Clay Doherty, currently a fundraiser for the Democratic party, spent two years at the U.S. Naval Academy before fellow students told him they would pursue rumors that he was gay and would try to initiate a discharge based on homosexuality. “I would have preferred a career in the Navy,” he said. Doherty, who fully supports the current military campaign against Afghanistan, does not dwell on the past: “The reality is that you deal with the circumstances you’re faced with, and when the circumstances change, you really can’t linger on them; you have to move on, and that’s exactly what I did.”
Laura Spaulding, who enlisted in the Army in May, 1994 at the age of 20, was discharged in September, 1994. In violation of the “don’t ask” and “don’t pursue” terms of the current gay policy, Spaulding says her battalion commander called people into his office and asked them to name people they thought were gay. Spaulding remains far too angry to want to serve today. “They treated me like a prisoner, like a second-class citizen,” she says. “After what they put me through, I wouldn’t reenlist if they gave me a million dollars.” She adds that she is sure that the Pentagon is quietly allowing gays to serve during the war on terrorism: “I guarantee that discharges are going down now that we’re not in peacetime. If we suit them, they’ll take us, but if there’s no conflict, we’re not allowed to serve. After they give all their purple hearts out [to gay soldiers], they’ll be discharging them again when the war’s over.”
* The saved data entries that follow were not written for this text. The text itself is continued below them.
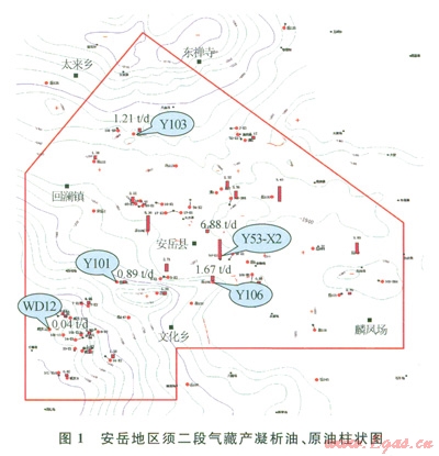 結合傳統(tǒng)與室內(nèi)實驗判斷結果綜合分析安岳地區(qū)須二段氣藏為飽和凝析氣藏,由于儲層的非均質(zhì)性導致了局部有少量原油存在,即使個別井口可能會出現(xiàn)開井初期產(chǎn)出大量原油的現(xiàn)象,但是隨著生產(chǎn)的進行,原油產(chǎn)出量也會迅速下降,由此,將安岳地區(qū)須二段氣藏類型確定為帶“油墊”的飽和凝析氣藏。從成藏的角度看,可能由于致密強非均質(zhì)氣藏中原油的差異聚集或原油的裂解,致使局部存在少量原油。
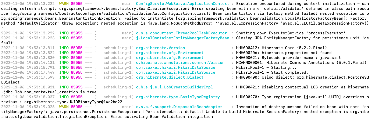 尝试与mvn清洁安装,并在这里列出的建议- 创建类路径资源中定义的名为“defaultValidator”的bean时出错。
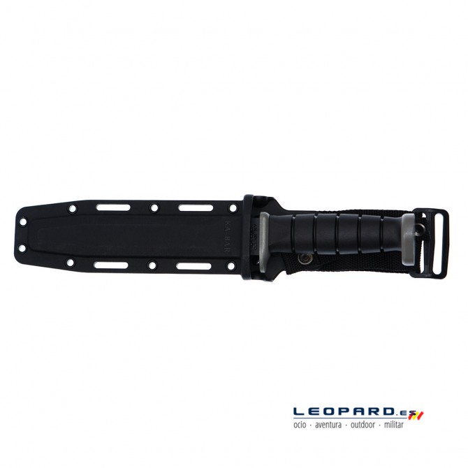 La compañía Ka-Bar ha equipado a este cuchillo Extreme con una funda de polímero de color negra, que está compuesta por nylon con relleno de vidrio negro. Asimismo, gracias a su estructura se puede amarrar en cualquier cinturón para un transporte más cómodo. A su vez, la funda protege al cuchillo de posibles golpes y arañazos y al usuario de posibles cortes.
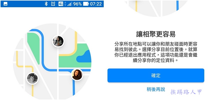 即時分享與追蹤好友的位置,讓你到任何地方能知道有哪些好友也在附近,其實不往隱私而正面思考的話,是相當實用的功能,Facebook Messenger與Facebook分離後,新版也增加了分享位置功能,讓你相約見面不會走丟。
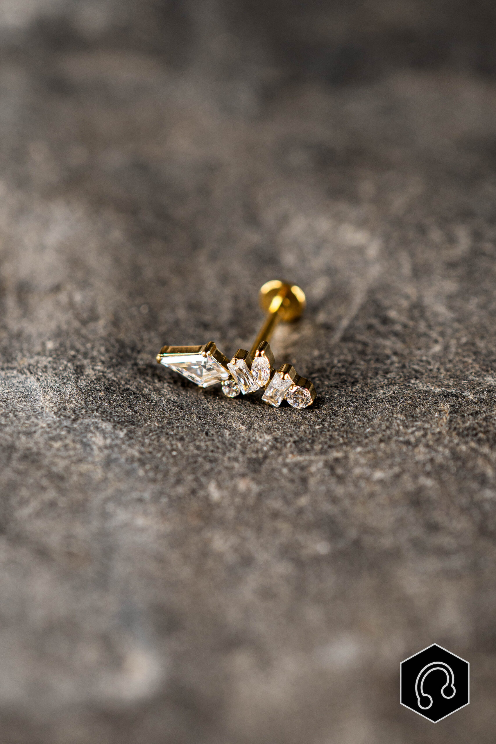 Sa finition dorée met en valeur l’éclat des zircons tout en conservant une grande finesse. Discret mais lumineux, Auryx Line est idéal pour sublimer les piercings du cartilage ou du lobe, porté seul ou en association avec d’autres bijoux.
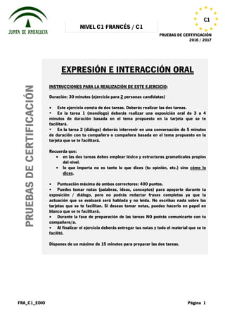 Le document présente les instructions pour un exercice d'expression orale de niveau C1 en français, comprenant un monologue et un dialogue sur des thèmes variés, tels que la désobéissance et les découvertes de la NASA. Les candidats doivent utiliser un vocabulaire approprié et structurer leurs interventions de manière argumentative en engageant une réflexion personnelle. Les règles de préparation et d'évaluation sont également spécifiées, incluant la durée et les restrictions sur la prise de notes.
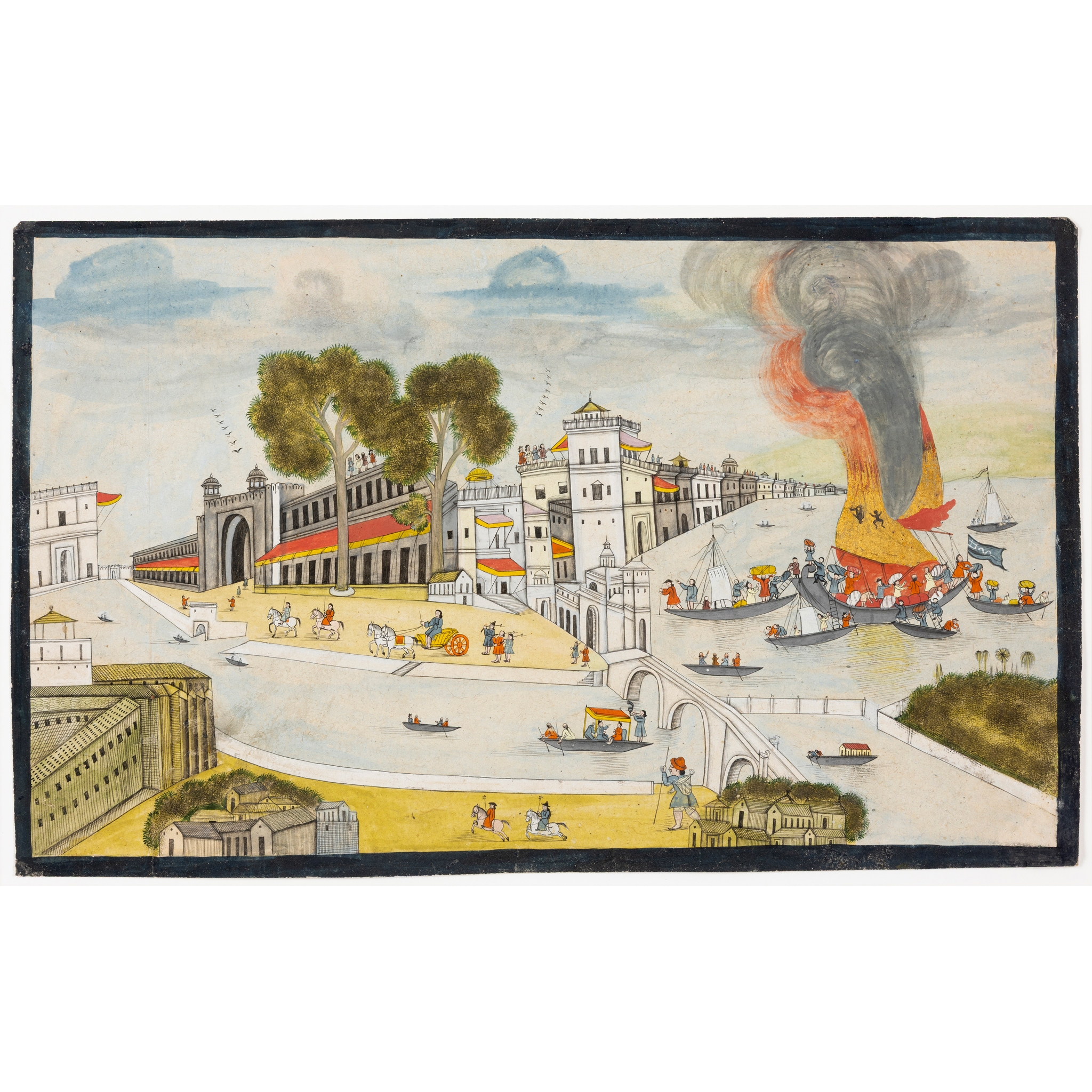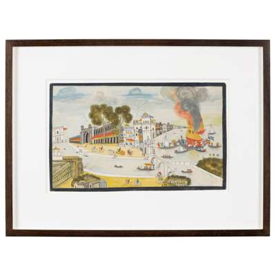 gouache on paper, with a dark blue border, depicting a city harbour scene where a drama has unfolded in the form of a merchant ship taking fire on the right hand side, whilst people are depicted steadily emptying the ship, two charred bodies are seen rising up through the flames, other boats nearby are assisting, to the left the rest of the city goes on living with the gentry out on horseback or in a horse drawn carriage, riders on horseback, the backdrop of the city with a row of red and yellow awning flanking the city entrance, rows of figures on some of the buildings no doubt looking at the drama unfold
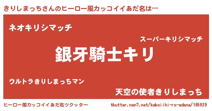 | 男性向けラノベタイトル風あだ名 | 『ダンジョンにきりしまっちを求めるのは間違っているだろうか』 |
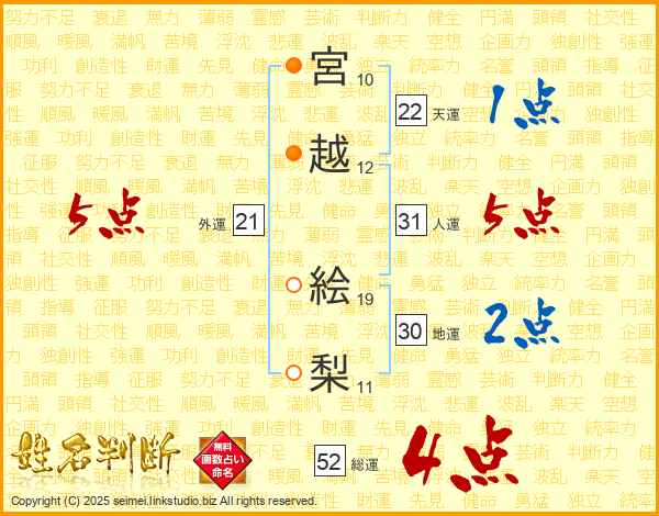 宮(10画)越(12画) 絵(19画)梨(11画)
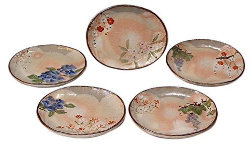아이트 쿄야키 기요미즈야키준 산요금화명 전 (5점 세트) 사계절 풀꽃 PSS471
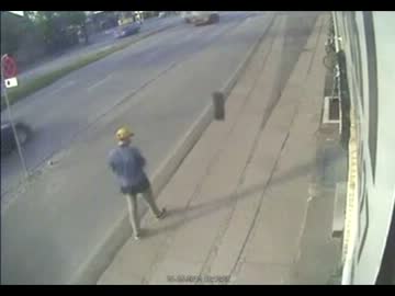 走行車両から外れたタイヤが歩行者を襲うが間一髪それた
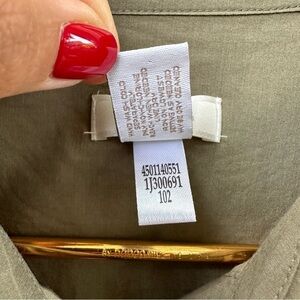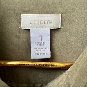 Chico’s Olive Army Green Cotton Silk Roll Tab Sleeve Button Up Shirt
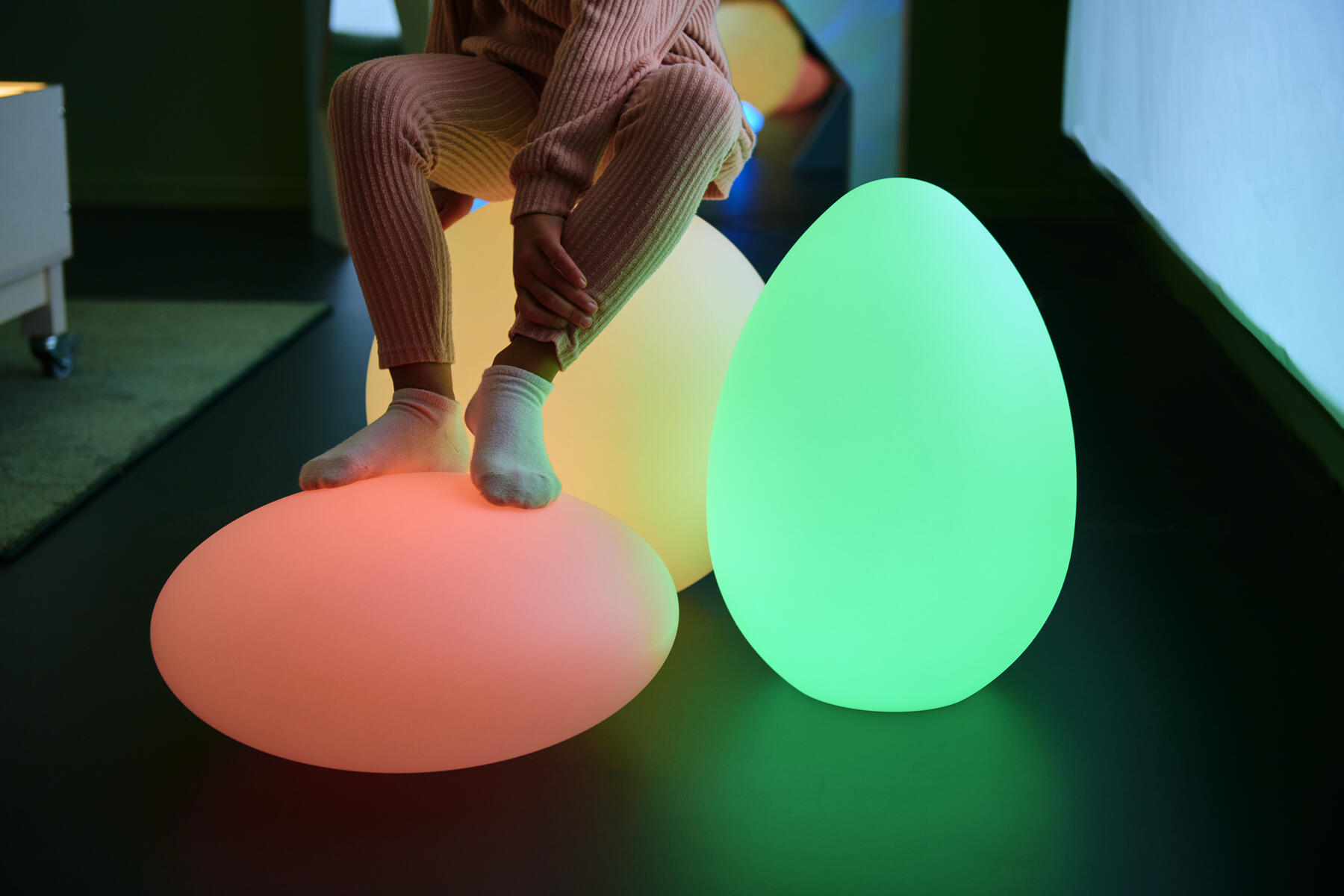 Lav et rum til stille udforskning af de forskellige sanser. Med den smukke pastelfarvede form, som kan skifte mellem 16 forskellige farver, bliver atmosfæren rolig og stemningsfuld og lokker til videre udforsking og oplevelser. Med en fjernbetjening kan farven på lyskilden indstilles til en konstant farve eller en langsom farveændring. Ægget kan oplades og har en vandbestandighed klasse IP65. Den tåler belastninger på op til 80 kg. Lysægget er batteridrevet og oplades i en standard stikkontakt. Med et fuldt opladet batteri kan den skinne i 5-8 timer afhængig af programmet. Opladning foregår via den sikre lavspændings 5V DC enhed, der medfølger. Efter 8 timers opladning kan den bruges, hvor det er nødvendigt. Ekstra strømledning/adapter til vores geniale former: 116666. Mål: Højde 32 cm, bredde 22 cm. Fremstillet af PE, ABS.

There is much evidence for this pattern. According to a new study by Rhonda Evans of UC Berkeley, the Pentagon’s policy of routing out gays and lesbians during peacetime normally is suspended during times of crisis. The 90-page study documents a historic pattern by the U.S. military of suspending enforcement of the gay ban during wartime. Frequently, the study reports, discharge proceedings are resumed against soldiers when they return from war.
The study, which draws on content analysis of fifty years of military, governmental, academic and other research data, offers four in-depth case studies of service members who served effectively as open homosexuals. The sexual orientation of these men and women was widely known among colleagues while they served. These service members maintained collegial relationships with co-workers, received outstanding evaluations, won awards and received promotions during their periods of open service. They also maintained high levels of responsibility, managing personnel, overseeing military budgets and commanding troops.